– И служанку? – осторожно спросил успокаивающий дыхание человек.
– Что, хороша? – хищно оскалился герцог, и вдруг поднял палец: – Подожди-ка… Это что же, выходит, та юная дева – принцесса? Вот она-то, любопытно мне, хороша? Что-то не разглядел.
– За обедом, ваша светлость, всех разглядите! – подольстился «помощник судьи», кивая в сторону донёсшегося из соседней залы звона столовых приборов.
Герцог легко поднялся с трона и пошёл в сторону этого звона.
– Никогда ещё не ждал обеда с таким нетерпением! – громко заявил он, подходя к предлинному столу, накрытому с одного края синей скатертью. – Когда заканчиваются два часа?
Они закончились скоро, и счастливые, освободившиеся от дорожной пыли путешественники сели за стол.
Герцог не сводил глаз со смутившейся до слёз Маргариты. А «помощник судьи», выглянув издали, немо спросил своего хозяина: «ну вот, видите?!» И тот хищным, ликующим взглядом ответил: «о, да!»
Закончив обедать, король отложил приборы и произнёс:
– Пора, наконец, и представиться.
– Не беспокойте себя! – снова отгородился ладонями герцог. – Ваша готовность к этому является надёжным поручительством вашей добропорядочности. У меня так заведено: любой путник, попавший в замок, может воспользоваться гостеприимством, не называя своего имени. Мне живётся свободней, когда я на вопрос властей «кто у меня был?» могу честно ответить: «не знаю».
Король, улыбнувшись, кивнул. А герцог добавил, обернувшись к той стене, в которой был устроен камин (над ним, размером в два человеческих роста, висел щит с ярким сине-белым гербом):
– Я же – напротив, каждому гостю сообщаю своё имя: Кагельберг! Вон, над камином, наш родовой герб.
Все повернули головы, и в том числе и Маргарита (вежливость обязывала), но сквозь слёзы девушка мало что разглядела. Она думала: «вот если бы этот невоспитанный герцог знал, кто сидит перед ним, то он не стал бы рассматривать меня до такой степени смело». Маргарита мысленно подгоняла минутки, мечтая, чтобы обед поскорей завершился. Ей было очень неуютно здесь, в герцогском зале. Этот бесцеремонный, ненужный, с липким и несдерживаемым восхищением взгляд, и ещё невиданных размеров герб над камином – он незримо давил, он пугал, он был необъяснимо зловещим. Дочь короля облегчённо вздохнула, когда слуги убрали последние блюда и стол опустел. «Теперь отец останется здесь для беседы, а мы пойдём в наши комнаты. Как хорошо». Маргарита не знала, что всё хорошее, отпущенное ей в этой жизни, уже было ею использовано, прожито. Хорошего для неё не осталось больше ни крошки, ни капли.

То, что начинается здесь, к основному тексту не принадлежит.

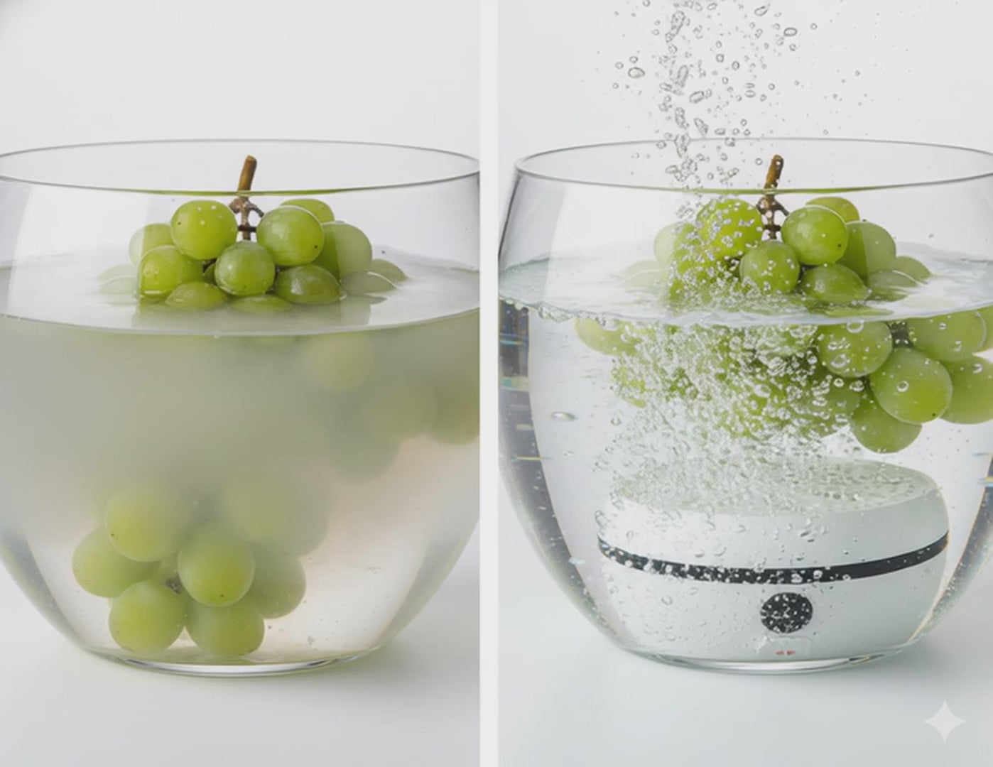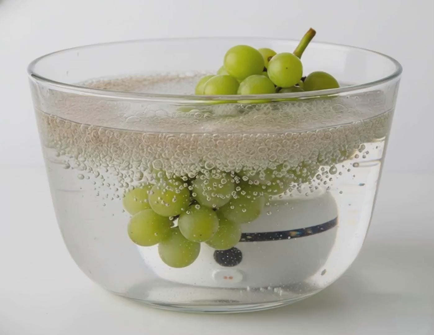 Cihaz çalışırken sudaki yoğun kabarcıklanmayı ve 'aktif oksijen' kokusunu fark edeceksiniz. İşlem bittikten sonra, özellikle pestisit yoğun gıdalarda (çilek, üzüm gibi) suyun yüzeyinde biriken yağımsı tabakayı (çözünen pestisit kalıntısı) görebilirsiniz.

– Вы необычайно милы, Маргарита! – неожиданно произнёс Кагельберг, без всякой уважительности в голосе, и даже слегка развязно. Повисла длинная и очень неловкая пауза, и герцог, с видимым удовольствием переждав её, добавил нечто уж вовсе немыслимое: – Выходите-ка за меня замуж!
На этот раз пауза не затянулась. Встав из-за стола, принцесса решительно произнесла:
– Благодарю за предложение, уважаемый герцог. Но это решительно невозможно.
– Вы мне отказываете? – герцог, казалось, даже повеселел.
– Понятно и твёрдо.
В это время встал и король. Встал, и едва только произнёс: «Мне думается…», как герцог своим уже знакомым жестом поднял руки:
– Нет-нет, ничего. Я никоим образом не обижен… – и прибавил вдруг оглушившую и раздавившую всех фразу: – … Ваше величество!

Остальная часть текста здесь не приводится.